* Goal of the exercise *
Please repeat the data exactly. Any picture in it stays out.

* Data shown *

□ □ □ □ □ □ □

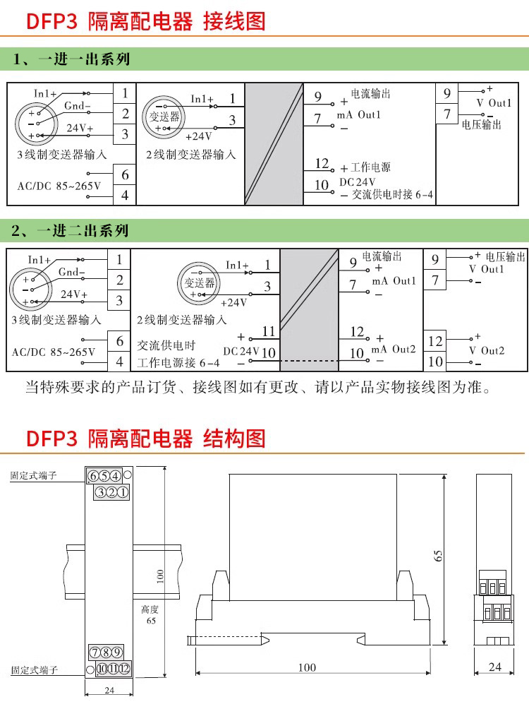 二、隔離配電器,DFP一進(jìn)一出配電器常用型號(hào)
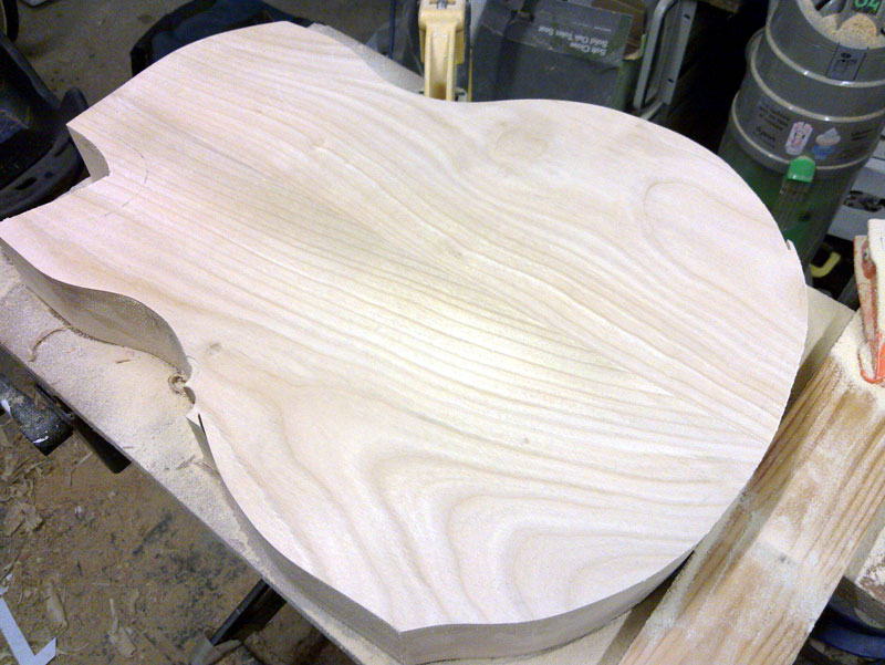 Guitar now rough cut and figure on the back is now visible, but that's all i've got time fore now, more in a couple of weeks. I need to make a braket to connect my daughter's tag-along to my bike better than the current one which is at the wrong angle, so out comes the welding and metal working kit.
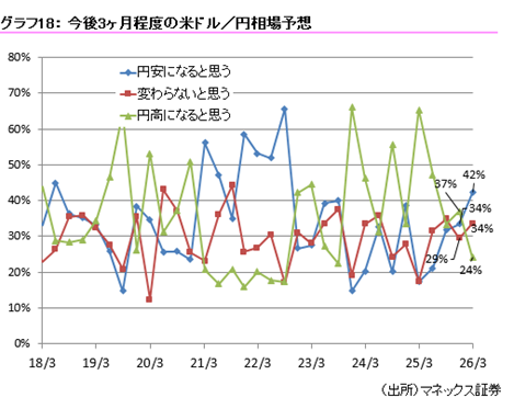 【円安になると思う】(2025年12月)34% →(2026年3月)42%(前回比 +8%)

□ □ □ □ □ □ □

* Result of the exercise *
 二、隔離配電器,DFP一進(jìn)一出配電器常用型號(hào)
 Guitar now rough cut and figure on the back is now visible, but that's all i've got time fore now, more in a couple of weeks. I need to make a braket to connect my daughter's tag-along to my bike better than the current one which is at the wrong angle, so out comes the welding and metal working kit.
 【円安になると思う】(2025年12月)34% →(2026年3月)42%(前回比 +8%)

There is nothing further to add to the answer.